ESR、神奈川県川崎市に新物流倉庫竣工

ESRは4月6日、神奈川県川崎市東扇島に敷地面積77,725㎡、延床面積349,003㎡、9階建てのマルチテナント型物流施設「ESR東扇島ディストリビューションセンター(東扇島DC)」を竣工したと発表した。

同施設は全階に45フィートのコンテナトレーラーが通行可能な一方通行型の中央車路式構造を採用し、上り下り専用のランプウェイで2階〜8階の各フロアへ直接アクセス可能。1階は東側が低床式、西側が高床式(センターバース)となったハイブリッド構造で、より柔軟なオペレーションが可能。

倉庫機能としては、1階が冷蔵・冷凍ニーズに対応しており、有効高6.5m・床荷重2t/㎡を確保。2階〜8階は有効高5.5m(8階は最大8.5m)、床荷重1.5t/㎡で、すべての階で2.5tのフォークリフトが走行可能。柱スパンは間口11m×奥行き11.25mを基本とし、5階〜8階にはスプリンクラーを設置し、防火区画を3,000㎡以内に拡張。これにより壁の少ない、柔軟なレイアウトが可能な空間となる。

美観にも配慮し、壁面緑化や照明、ガラスカーテンウォールなどを採用。羽田空港や東京湾を見渡せるスカイデッキも備えている。

立地は都心・羽田空港・港湾に近く、陸海空すべての交通網に優れた首都圏屈指の好立地にあり、将来的には川崎港臨港道路の完成でさらなるアクセス向上が見込まれる。

また、免震構造や非常用電源、津波対策、顔認証などの高度なBCP・セキュリティ体制も整えているほか、JR川崎駅と施設を結ぶ送迎バス運行も開始し、通勤利便性にも配慮。
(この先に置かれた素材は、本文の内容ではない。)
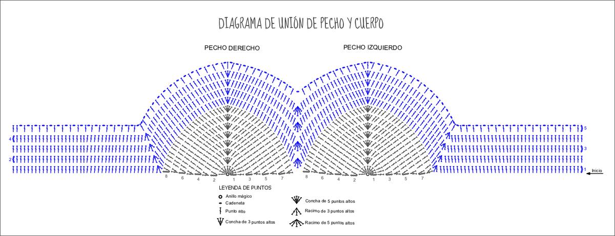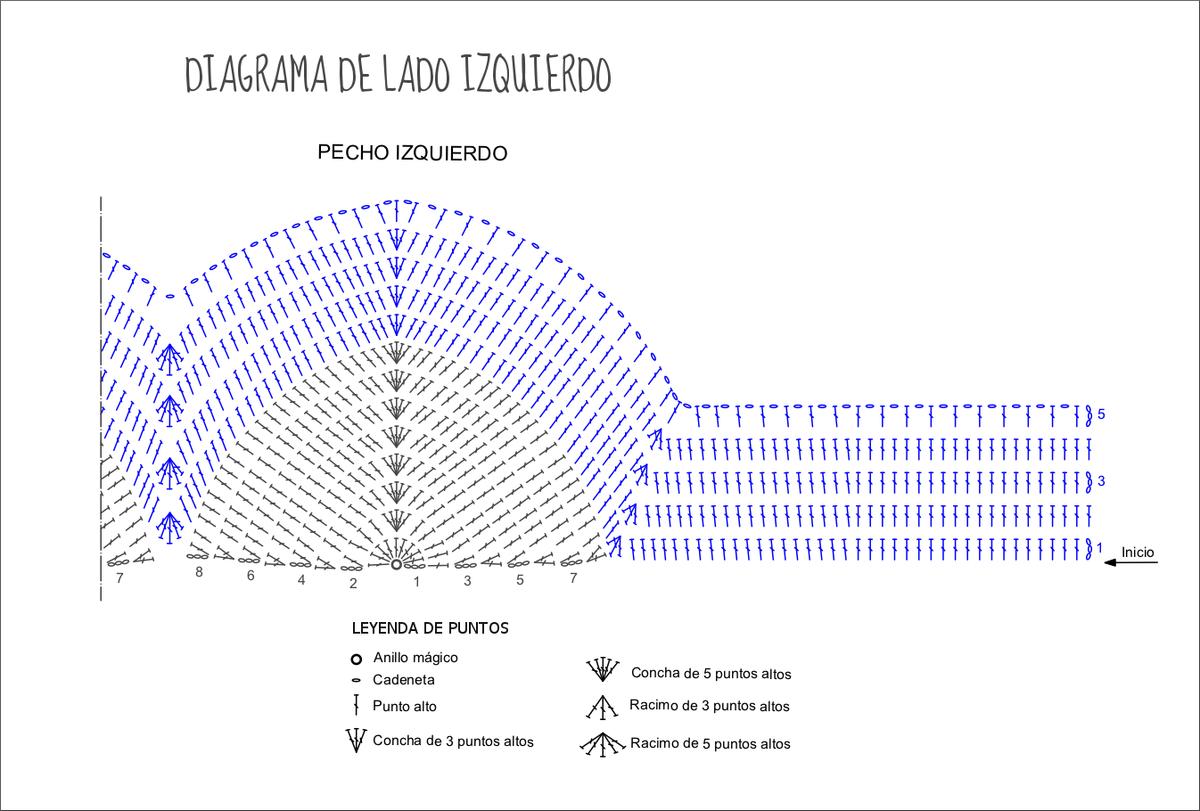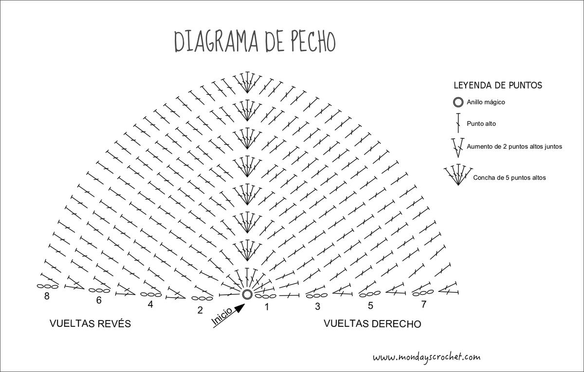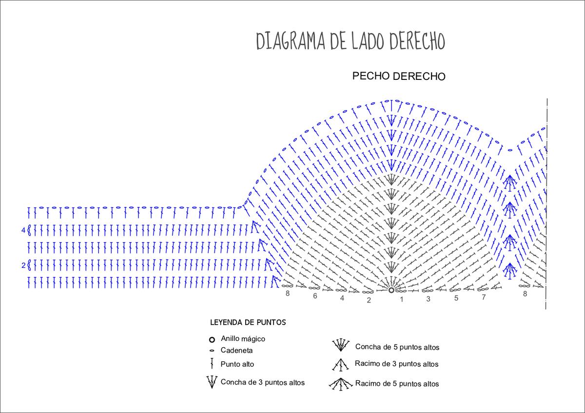 VUELTA 1 DERECHO: Tejemos 3 c.a.d. de subida, 38 p.a., 1 rac. de 3 p.a., 24 p.a., 1 concha de 3 p.a., 23 p.a., 1 rac. de 5 p.a. en el centro del pecho, 23 p.a., 1 concha de 3 p.a., 24 p.a., 1 rac. de 3 p.a., 39 p.a. VUELTA 2 REVÉS: Tejemos 3 c.a.d. de subida, 37 p.a., 1 rac. de 3 p.a., 24 p.a., 1 concha de 3 p.a., 22 p.a., 1 rac. de 5 p.a. en el centro del pecho, 22 p.a., 1 concha de 3 p.a., 24 p.a., 1 rac. de 3 p.a., 38 p.a. VUELTA 3 DERECHO: Tejemos 3 c.a.d. de subida, 36 p.a., 1 rac. de 3 p.a., 24 p.a., 1 concha de 3 p.a., 21 p.a., 1 rac. de 5 p.a. en el centro del pecho, 21 p.a., 1 concha de 3 p.a., 24 p.a., 1 rac. de 3 p.a., 37 p.a.

同社は今後も「人を中心に考えたデザイン」を掲げ、より高度な物流施設の実現を目指すとしている。

新物流施設概要

名称:ESR 東扇島ディストリビューションセンター 施設概要
所在地:神奈川県川崎市川崎区東扇島21
敷地面積:77,725m²(23,512坪)
延床面積:349,003m²(105,573坪)
構造:地上9階建・PCaPC造・免震構造
企画:ESR(スチュアート・ギブソン、武田諭、松谷将幸)
設計:東急建設(株)、タカトタマガミデザイン(株)[ラウンジ・託児所(保育室)・スカイデッキ]、渡辺美緒デザイン事務所[ランドスケープデザイン・託児所(園庭)・壁面緑化・公園]
施工:東急建設(株)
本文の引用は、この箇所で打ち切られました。